Data for this task:
════
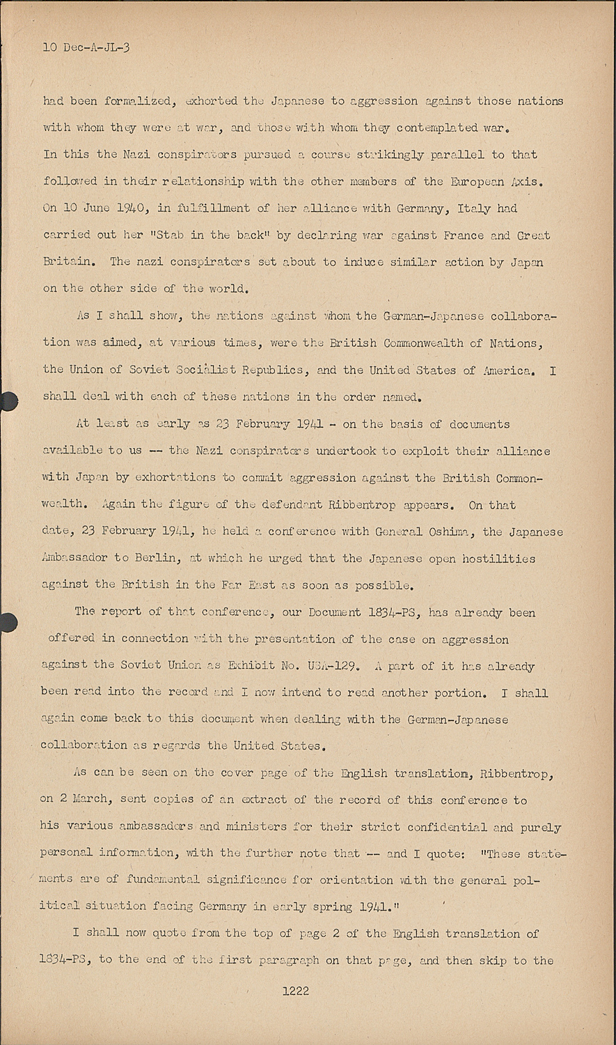 At least as early as 23 February 1941 - on the basis of documents available to us -- the Nazi conspirators undertook to exploit their alliance with Japan by exhortations to commit aggression against the British Commonwealth. Again the figure of the defendant Ribbentrop appears. On that date, 23 February 1941, he held a conference with General Oshima, the Japanese Ambassador to Berlin, at which he urged that the Japanese open hostilities against the British in the Far East as soon as possible.
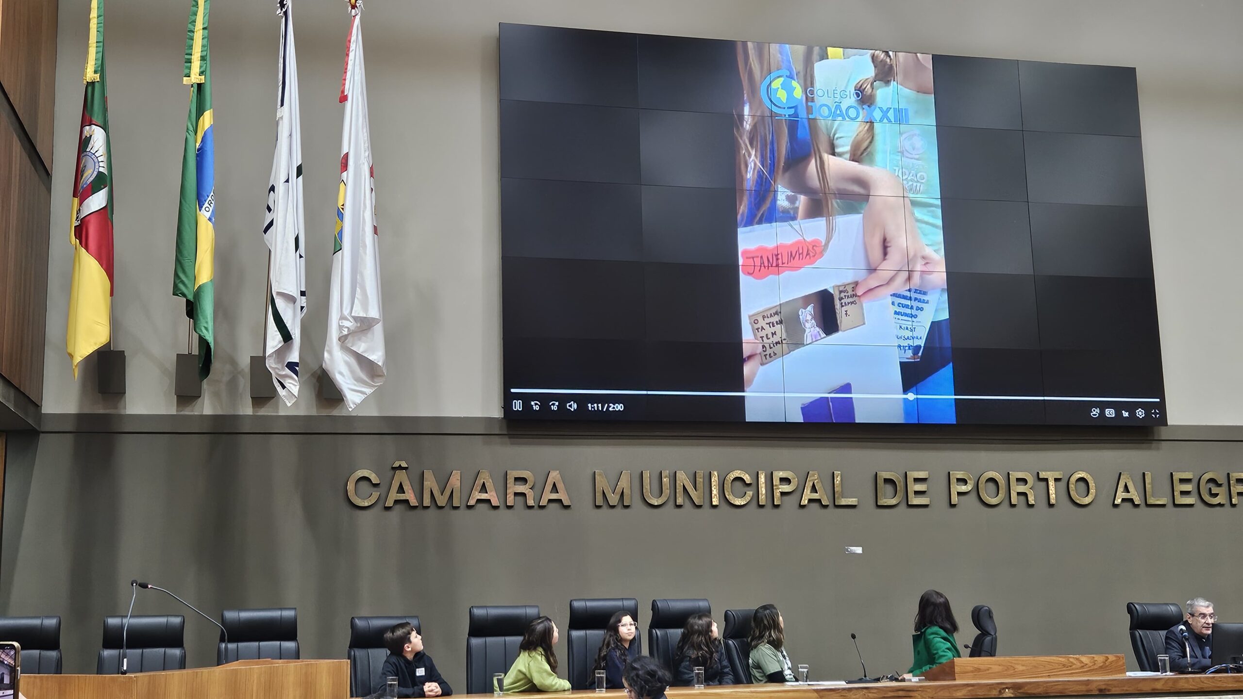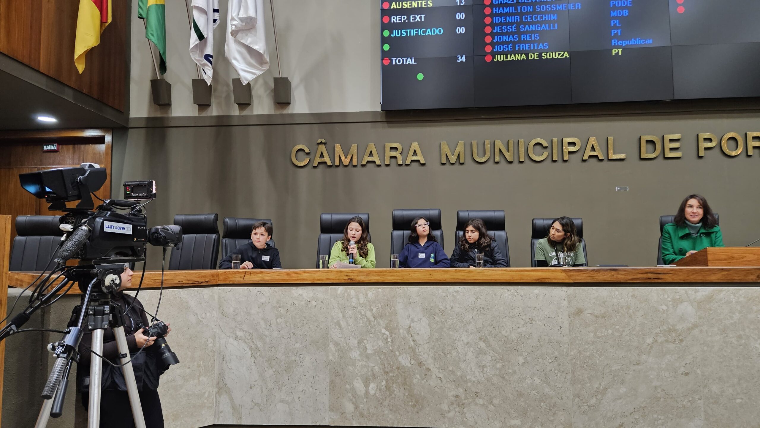 Antes da abertura do plenário, a vereadora Grazi Oliveira foi entrevistada pela TV Câmara para falar sobre a homenagem e o “Guia de ideias que vão mudar o mundo”. Ela destacou a importância do tratamento do lixo e uso da água e tratamento pelo DMAE. A educadora Eduarda Morales e o estudante do 5º ano do EF, Joaquim Brusque, também foram entrevistados e falaram sobre a importância da discussão sobre temas ambientais, principalmente a crise climática que resultou na maior enchente que o RS já teve.
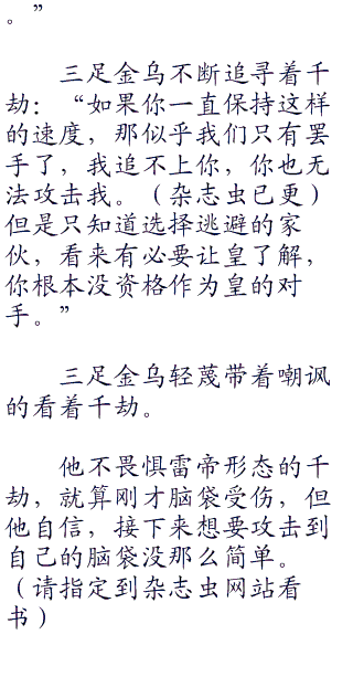 三足金乌再次向千劫飞来:“你绝不是我的对手。”
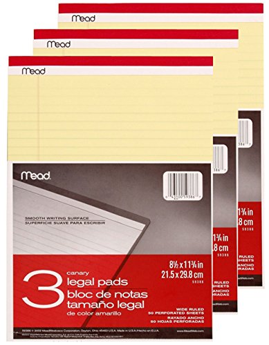 Mead Legal Pad, 8-1/2 x 11-3/4 Inches, Perforated, Canary, Legal/Wide Rule, 50 Sheets per Pad, 3 Pads per Pack, 3 PACK = Total 450 Sheets
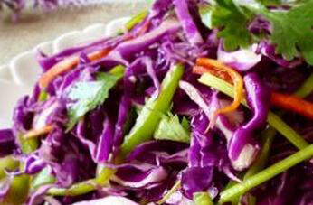 凉拌紫甘蓝特别好吃,制作时把洗好的紫甘蓝切成细丝,然后再取一个彩椒也切成细丝,把彩步和甘蓝丝加入食用盐腌制一会,把腌出的水分去掉,再加入香醋,生抽以扩白糖和麻油等调味料,调匀以后直接食用就可以。
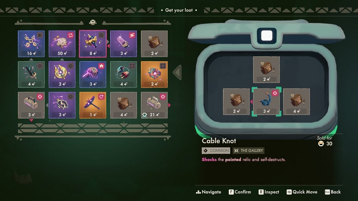 Vi kan slänga saker direkt ur ryggsäcken också, men allt kan komma till användning om vi är kloka och har lite tur. Variationen i de olika effekterna till de olika artefakter vi plundrat tvingar oss att bli taktiska när vi ska ställa oss till ryggsäckens begränsade platser. Vi vill få så mycket värde ut ur varje omgång som möjligt!
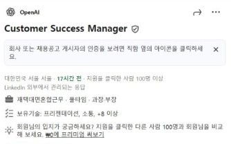 29일 업계에 따르면 오픈AI는 링크드인(LinkedIn)을 통해 ▲어카운트 디렉터(고객 총괄) ▲기술 엔지니어 ▲설루션 아키텍트 ▲고객 성공 매니저 등 총 6개 포지션의 채용 공고를 게시했다.
════
About this task: The answer is the run of lines from the one with "Vi kan slänga" through the final line of the data, copied exactly, and nothing else; no pictures.

Task output:
 Vi kan slänga saker direkt ur ryggsäcken också, men allt kan komma till användning om vi är kloka och har lite tur. Variationen i de olika effekterna till de olika artefakter vi plundrat tvingar oss att bli taktiska när vi ska ställa oss till ryggsäckens begränsade platser. Vi vill få så mycket värde ut ur varje omgång som möjligt!
 29일 업계에 따르면 오픈AI는 링크드인(LinkedIn)을 통해 ▲어카운트 디렉터(고객 총괄) ▲기술 엔지니어 ▲설루션 아키텍트 ▲고객 성공 매니저 등 총 6개 포지션의 채용 공고를 게시했다.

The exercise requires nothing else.